Reply Mon 29 Mar, 2004 03:23 am
French voters dump Chirac party
Story from BBC NEWS3/29/04
http://news.bbc.co.uk/go/pr/fr/-/1/hi/world/europe/3575779.stm

President Jacques Chirac's party has been humiliated in French regional polls, amid speculation that PM Jean-Pierre Raffarin could be sacked.
The socialists and their allies won 50% of the second-round votes, leaving Mr Chirac's centre-right governing UMP party trailing on 36.9%. The socialists held eight councils and grabbed another 12 from the UMP.

Voters are thought to be angry at high unemployment, a stagnant economy and unpopular public sector reforms. The centre-right has won only Alsace so far, with the results from Corsica still to come.

All change

The election was seen as a mid-term test of opinion on the Chirac government.

Mr Raffarin said lessons had to be learnt by the government, but "reforms must be continued, very simply because they are necessary". The first round last Sunday saw the UMP lose heavily to the socialists and their communist and green allies.

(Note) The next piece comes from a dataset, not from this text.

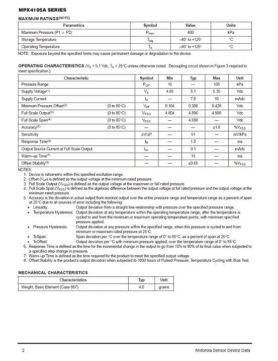 MPX4105A 氣壓傳感器(sensor)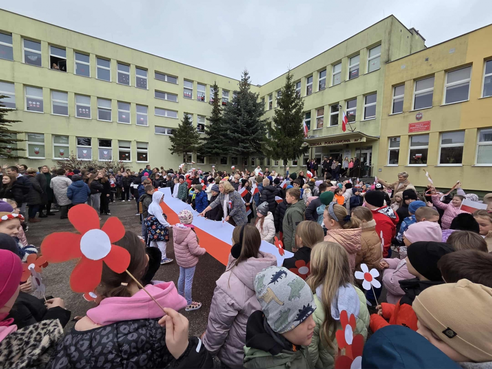 W środę, 12 listopada, dziedziniec naszej szkoły wypełniły dźwięki pieśni „Rota” – wspólnie zaśpiewanej przez uczniów, nauczycieli, pracowników Szkoły Podstawowej nr 7 w Mławie oraz mieszkańców miasta, którzy skupili się wokół flagi narodowej.

Socialist party leader Francois Hollande says voters have expressed their rejection of both Mr Raffarin's government and Mr Chirac. Our correspondent says the result is expected to lead to a major cabinet reshuffle, with Mr Raffarin tipped as the first to lose his job.

One of the high-profile casualties already claimed by the poll is former President Valery Giscard d'Estaing, who lost the presidency of the Auvergne region to a socialist.

The far-right National Front confirmed its position as the country's third political force, with nearly 13%.

Options

At least 60% of the voters in France said they remained determined to use these elections to send a strong message of discontent to the government.

"I feel like France's public sector is being sabotaged," said Elsa Quinette, in Paris.

"What the government is doing is so serious, I just had to speak out."

Others said they wanted the government to stay.

Mr Chirac has spent the past week weighing up his options.

He will have to choose whether to keep Mr Raffarin in his post and use him to push through the next round of reforms - this time to public healthcare - or whether to appoint a new prime minister.

The problem with that is that the most obvious candidate, France's popular Interior Minister Nicholas Sarkozy, is known to want Mr Chirac's job, correspondents say.

So the president may prefer to keep on his unpopular but loyal prime minister to plough ahead with the next round of difficult reforms, despite voters' discontent.